[Start of section]

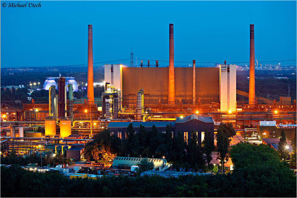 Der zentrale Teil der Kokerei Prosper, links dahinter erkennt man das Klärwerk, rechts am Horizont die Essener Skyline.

[End of section]
[Start of section]

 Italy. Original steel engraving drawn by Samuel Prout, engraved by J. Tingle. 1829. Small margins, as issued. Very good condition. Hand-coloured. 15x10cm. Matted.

[End of section]
[Start of section]

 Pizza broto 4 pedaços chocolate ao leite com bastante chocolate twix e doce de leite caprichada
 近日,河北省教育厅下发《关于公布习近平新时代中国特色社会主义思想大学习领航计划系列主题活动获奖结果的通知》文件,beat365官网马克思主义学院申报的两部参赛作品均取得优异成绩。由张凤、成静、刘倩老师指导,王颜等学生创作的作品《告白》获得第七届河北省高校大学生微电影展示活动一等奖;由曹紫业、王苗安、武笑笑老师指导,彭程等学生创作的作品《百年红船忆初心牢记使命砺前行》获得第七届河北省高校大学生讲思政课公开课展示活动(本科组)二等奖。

[End of section]

→ Task details:
Give back exactly the lines above, from the line containing "Pizza broto 4" through the line containing "近日,河北省教育厅下发《关于", with both end lines and nothing more.

→ Result for this task:
 Pizza broto 4 pedaços chocolate ao leite com bastante chocolate twix e doce de leite caprichada
 近日,河北省教育厅下发《关于公布习近平新时代中国特色社会主义思想大学习领航计划系列主题活动获奖结果的通知》文件,beat365官网马克思主义学院申报的两部参赛作品均取得优异成绩。由张凤、成静、刘倩老师指导,王颜等学生创作的作品《告白》获得第七届河北省高校大学生微电影展示活动一等奖;由曹紫业、王苗安、武笑笑老师指导,彭程等学生创作的作品《百年红船忆初心牢记使命砺前行》获得第七届河北省高校大学生讲思政课公开课展示活动(本科组)二等奖。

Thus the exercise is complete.